— WORK TO BE COMPLETED —
Verbatim copy without pictures. Please print every entry as it stands.

— RECORDS SHOWN —
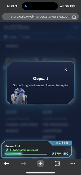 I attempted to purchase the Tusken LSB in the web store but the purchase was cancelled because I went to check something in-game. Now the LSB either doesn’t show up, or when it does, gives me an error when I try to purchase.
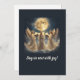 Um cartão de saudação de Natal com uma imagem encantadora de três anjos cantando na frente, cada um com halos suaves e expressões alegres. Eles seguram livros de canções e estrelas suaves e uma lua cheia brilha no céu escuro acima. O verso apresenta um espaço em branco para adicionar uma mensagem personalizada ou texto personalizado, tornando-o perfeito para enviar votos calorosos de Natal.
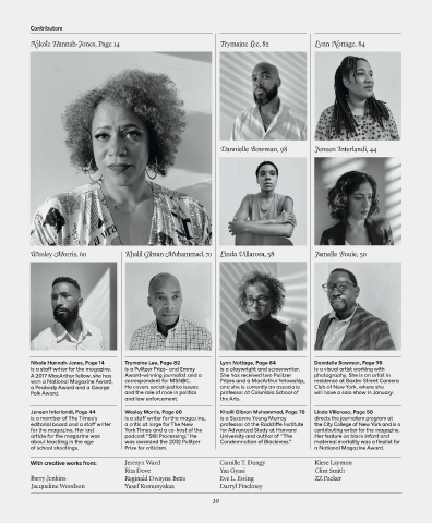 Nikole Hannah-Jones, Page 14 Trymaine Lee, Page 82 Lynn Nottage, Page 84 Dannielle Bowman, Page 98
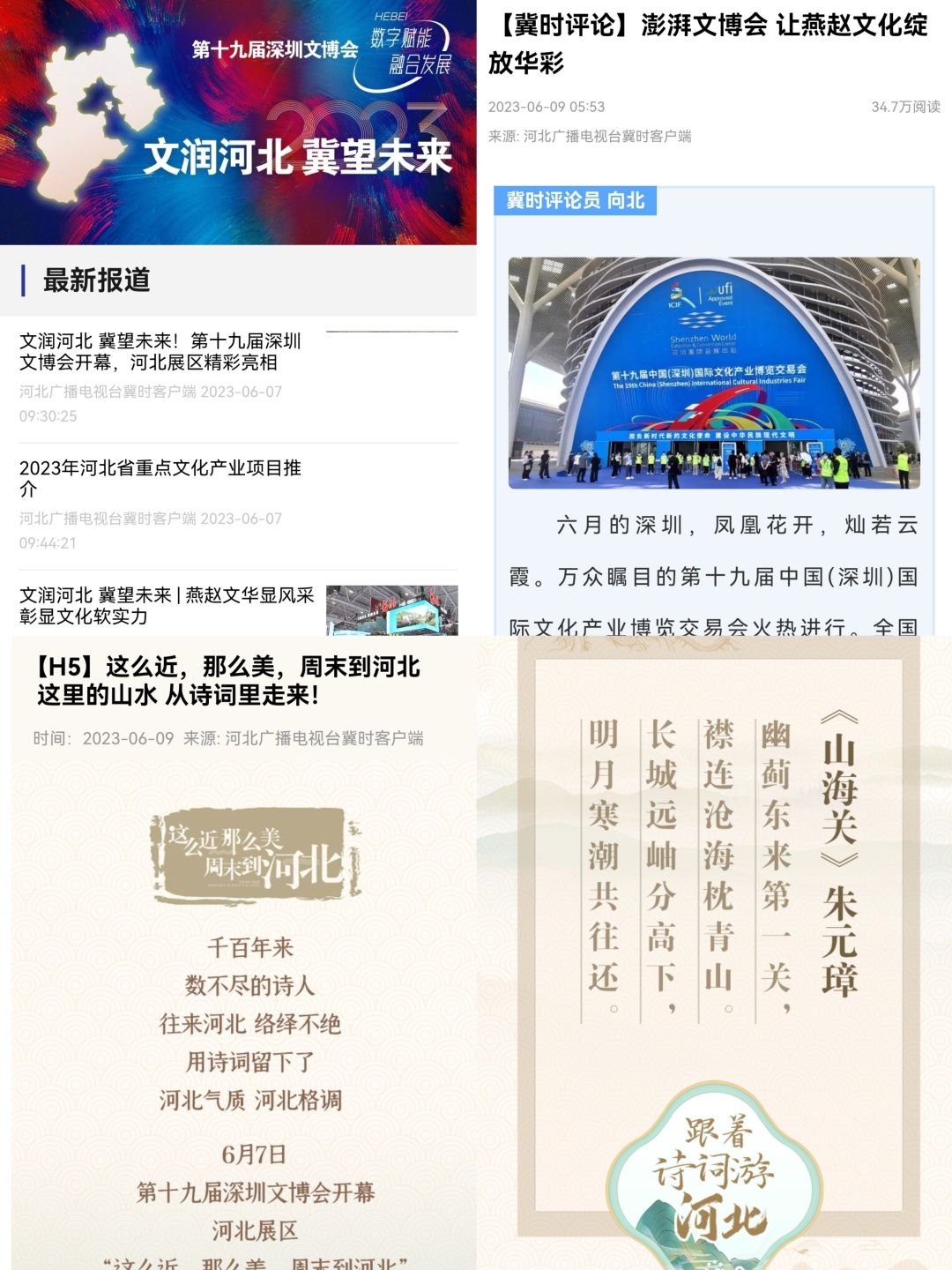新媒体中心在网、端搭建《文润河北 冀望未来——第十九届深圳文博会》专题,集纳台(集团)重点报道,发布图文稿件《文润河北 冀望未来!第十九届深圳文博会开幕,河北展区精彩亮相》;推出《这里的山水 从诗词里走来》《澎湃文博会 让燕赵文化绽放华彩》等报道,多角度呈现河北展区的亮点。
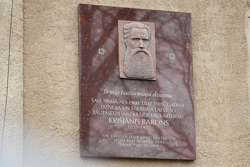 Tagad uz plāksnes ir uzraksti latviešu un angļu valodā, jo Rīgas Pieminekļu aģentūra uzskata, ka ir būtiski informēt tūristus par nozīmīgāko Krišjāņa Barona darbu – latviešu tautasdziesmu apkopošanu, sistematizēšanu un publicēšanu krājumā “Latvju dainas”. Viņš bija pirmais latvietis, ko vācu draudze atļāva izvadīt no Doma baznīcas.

— ANSWER SPACE —
 I attempted to purchase the Tusken LSB in the web store but the purchase was cancelled because I went to check something in-game. Now the LSB either doesn’t show up, or when it does, gives me an error when I try to purchase.
 Um cartão de saudação de Natal com uma imagem encantadora de três anjos cantando na frente, cada um com halos suaves e expressões alegres. Eles seguram livros de canções e estrelas suaves e uma lua cheia brilha no céu escuro acima. O verso apresenta um espaço em branco para adicionar uma mensagem personalizada ou texto personalizado, tornando-o perfeito para enviar votos calorosos de Natal.
 Nikole Hannah-Jones, Page 14 Trymaine Lee, Page 82 Lynn Nottage, Page 84 Dannielle Bowman, Page 98
新媒体中心在网、端搭建《文润河北 冀望未来——第十九届深圳文博会》专题,集纳台(集团)重点报道,发布图文稿件《文润河北 冀望未来!第十九届深圳文博会开幕,河北展区精彩亮相》;推出《这里的山水 从诗词里走来》《澎湃文博会 让燕赵文化绽放华彩》等报道,多角度呈现河北展区的亮点。
 Tagad uz plāksnes ir uzraksti latviešu un angļu valodā, jo Rīgas Pieminekļu aģentūra uzskata, ka ir būtiski informēt tūristus par nozīmīgāko Krišjāņa Barona darbu – latviešu tautasdziesmu apkopošanu, sistematizēšanu un publicēšanu krājumā “Latvju dainas”. Viņš bija pirmais latvietis, ko vācu draudze atļāva izvadīt no Doma baznīcas.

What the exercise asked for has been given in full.